Today the U.S. Senate voted 79-18 to advance a constitutional amendment to overturn Citizens United, the landmark Supreme Court decision which gave corporations and labor unions the green light to spend unlimited amounts on campaign advertisement.

Lawmakers on both sides of the aisle have strong feelings about the ruling, especially with the November midterm election just two months away.

Back in January 2010, in a 5-4 decision, the U.S. Supreme Court ruled it OK for corporations to spend as much as they so choose on political campaigns.

Court justices handed down the ruling, justifying their reasoning by stating it was still illegal for corporations to make contributions directly to candidates for federal office.

But then came the rise of Super PACs, which can accept unlimited amounts from billionaires, unions and corporations to buy advertising and attack ads.

"What makes America great is that everyone has a say in the decisions that we make," says Senator Jon Tester. "That each one of us from the richest to the poorest, has an equal stake in electing our leaders, but the Supreme Court can't seem to figure that out. "

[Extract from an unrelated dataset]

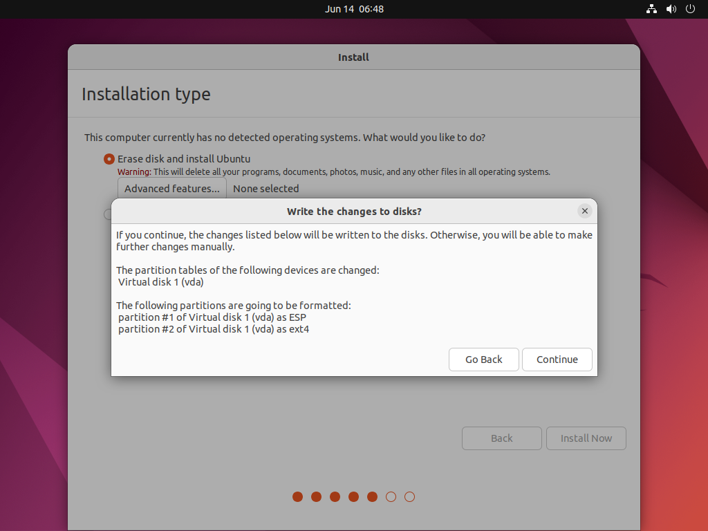 Erase disk and install Ubuntuat installation type page.Confirm

Senator Tester, who is co-sponsoring the amendment introduced by New Mexico Senator Tom Udall, is calling fellow lawmakers to overturn the ruling which many felt cemented corporations as people.

"Its time to overturn Citizens United. Its time to put people and ideas back in charge of our elections."

The amendment, which Senator Tester is co-sponsoring, would not dictate any specific policies or regulations of campaign contributions, but would grant congress the express authority to regulate and limit independent expenditures, mostly made by large corporations.